Nuther happy IRO owner, Group Buy frame from Ebay...I'm on a borrowed 'puter so I can't poast a pix. Well not quite, I remembered an old thread with some...link

I'm sure there will be some after the Texas Train Ride! yaahoo!!

Flyn G


----------



## djharr

OK, I have looked at all the alternatives, and it really appears as if the Jamie Roy is perfect for what I want. I have even seen some build-ups very similar to what I am looking at in terms of part colors, and I really like the white frame/black other look. Now, one lingering concern is with the aluminum fork. I know that aluminum has a reputation of being a harsher ride than steel, and since I am coming from a steel touring frame, I would like to keep as much compliance as possible.

Along with that, there is yet another shallow concern I have for looks. If possible, I would like to have a straight fork, but I also want to keep the ability to run 38 mm tires (I know, I don't want much...). I have seen the idea that a carbon fiber fork on an aluminum frame will help with smoothing out the harsher ride. So, I am wondering if there are any good straight carbon fiber forks with the clearance for a 38 mm tire?

Or, am I obsessing about the whole thing and the plain old original aluminum fork will do just jim-dandy?

David


----------



## FlintPaper

I don't think you'll have any problems with the comfort of the Aluminum fork. The ride is far smoother than that of the bike I replaced, a steel bikesdirect Windsor "The Hour".

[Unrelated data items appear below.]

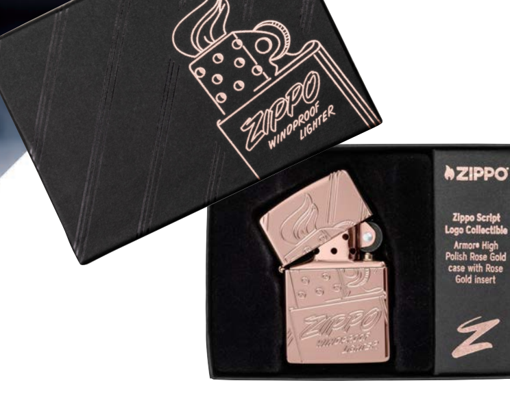
Special collectible packaging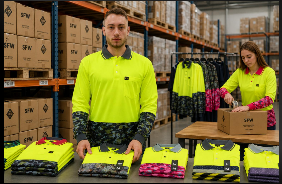
Style No: SFWP16/16L Hi Vis Polo

Practical range Core short sleeve, long sleeve and women's options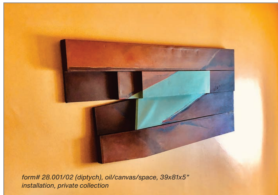
form# 28.001/02 (diptych), oil/canvas/space, 39x81x5" installation, private collection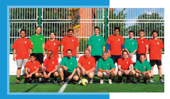
Austrian and Hungarian football teams

I need to find the time to take a decent picture of it.


----------



## Cygnus

*...*



djharr said:


> Or, am I obsessing about the whole thing and the plain old original aluminum fork will do just jim-dandy?
> 
> David


before getting the frameset, I wondered about the alu fork, figuring that i might replace it with carbon eventually. and, maybe i will someday, but the ride doesn't seem harsh to me. at this price, perhaps just get the frameset and see what you think about the ride? also, maybe pick some tires that give you ride you want.


----------



## Zero Signal

Yeah don't worry about the fork. I say try it before thinking of changing it out. Like I said before, it's very smooth. I would consider carbon for weight savings but I don't think it needs to be any more compliant than it already it.


----------



## Cygnus

*fork option*

ok, i started thinking about a carbon fork, but only because i have a day long ride/race (160mi) on a rough surface in a couple of months. generally, i like the ride and the geometry of the frame and fork, but this distance has me thinking of carbon in the front end. 

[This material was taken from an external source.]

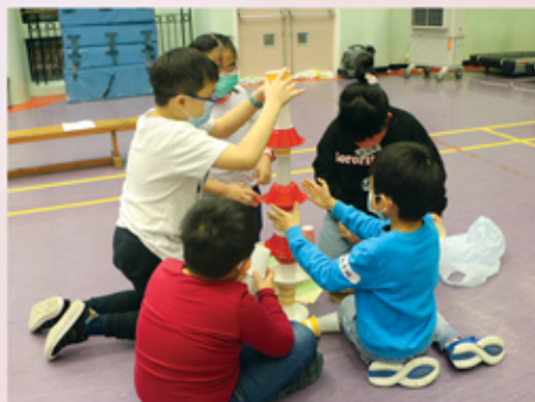
學生攜手創建高塔 Students join hands to build a tower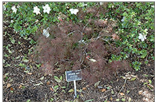
Red Feathers Japanese Maple

the stock alu fork is about 405mm (dropout to crown race), which is quite abit longer than standard road forks. any good options?

best option might be some really good gloves.


----------



## roadfix

...or bigger tires


----------



## crumjack

Cygnus said:


> ok, i started thinking about a carbon fork, but only because i have a day long ride/race (160mi) on a rough surface in a couple of months. generally, i like the ride and the geometry of the frame and fork, but this distance has me thinking of carbon in the front end.
> 
> the stock alu fork is about 405mm (dropout to crown race), which is quite abit longer than standard road forks. any good options?
> 
> best option might be some really good gloves.

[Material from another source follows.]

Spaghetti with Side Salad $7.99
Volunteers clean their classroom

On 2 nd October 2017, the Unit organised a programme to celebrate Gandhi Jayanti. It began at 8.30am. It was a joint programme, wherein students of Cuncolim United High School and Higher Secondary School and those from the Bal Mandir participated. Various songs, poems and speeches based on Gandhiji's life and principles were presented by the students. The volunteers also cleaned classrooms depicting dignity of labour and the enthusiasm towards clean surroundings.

Is the 160 miler the RAIN ride? Just curious...


----------



## Cygnus

*kluane*

I was off by 10 miles, it's 150 mi. it's the kluane road relay, up to 8 riders, from haines junction in the yukon to haines in alaska. spectacular scenery.


----------



## crumjack

Cygnus said:


> I was off by 10 miles, it's 150 mi. it's the kluane road relay, up to 8 riders, from haines junction in the yukon to haines in alaska. spectacular scenery.


That scenery has to be about a million percent better than the boring Indiana landscape of RAIN. Good Luck! Post pics!


----------